In some preferred examples, the extender pigment includes, but is not limited to, diatomaceous earth, kaolin, aluminum hydroxide, montmorillonite, calcium carbonate, asbestos powder, silica matting powder, mica powder, the wax-like substances include, but are not limited to, carnauba wax, beeswax, lanolin, ozokerite, synthetic wax,

the curing agent in the invention is amino resin which is most commonly used in the field, and the amino resin comprises but is not limited to at least one of melamine formaldehyde resin, methylated urea formaldehyde resin, methylated melamine resin, butylated urea formaldehyde resin, butylated melamine resin and benzoguanamine formaldehyde resin. In a preferred example, the amino resin is preferably one of or a mixture of methylated melamine resin and butylated melamine resin. In contrast, the methylated melamine resin has high flexibility of the cured film, excellent formula stability, and excellent scratch resistance and interlayer adhesion when adopting flexible main body resin. The butyl etherified melamine resin is a high-efficiency cross-linking agent of functional polymers containing hydroxyl, carboxyl and acylamino, has stronger hydrophobicity, higher curing speed when the polymerization degree is higher, and can improve the hardness and higher scratch resistance of a paint film. The amino resin is preferably present in an amount of 1 to 30 parts, more preferably 5 to 20 parts, based on the weight of the amino resin in the coating composition.

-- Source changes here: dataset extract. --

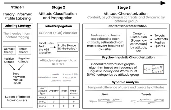 In this section, we describe how to classify, quantify and characterise the attitudes toward immigration. The methodology is composed of the following steps: theory-informed profile tagging, which enables to pinpoint some users with an attitude; propagation of user attitudes to the rest of the dataset, after training a classifier with the tagged users; and then perform a characterisation of attitudes from the lens of users, content, psycholinguistics, and dynamics. A schematic diagram of the methodology is shown in Figure 3.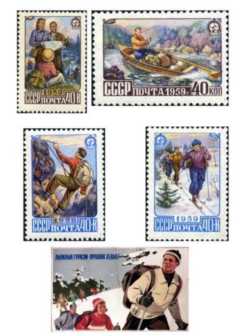 выпущена серия почтовых марок СССР, посвященных туризму:

In a preferred example, the solvent is at least one selected from cyclohexanone, propylene glycol methyl ether acetate, xylene, butyl acetate, S-100 mineral spirits, trimethylbenzene mineral spirits, and 2-butanone. The weight portion of the solvent in the raw materials of the coating composition is 10 to 40 portions, and more preferably 15 to 30 portions.

The matte finish compositions provided herein also include other components that do not adversely affect the coating composition or the cured coating composition produced therefrom, and are generally used to enhance the coating aesthetics to facilitate manufacture, processing, handling, and application of the composition, and to further improve the specific functionality of the coating composition or the cured coating composition produced therefrom. For example, the compositions of the present invention may optionally include pigments, leveling agents, defoamers, dispersants, catalysts, adhesion promoters, and mixtures thereof as needed to provide desired film properties. Each optional ingredient is preferably included in a sufficient amount to suit its intended purpose, but in an amount that does not adversely affect the coating composition or the cured coating composition resulting therefrom.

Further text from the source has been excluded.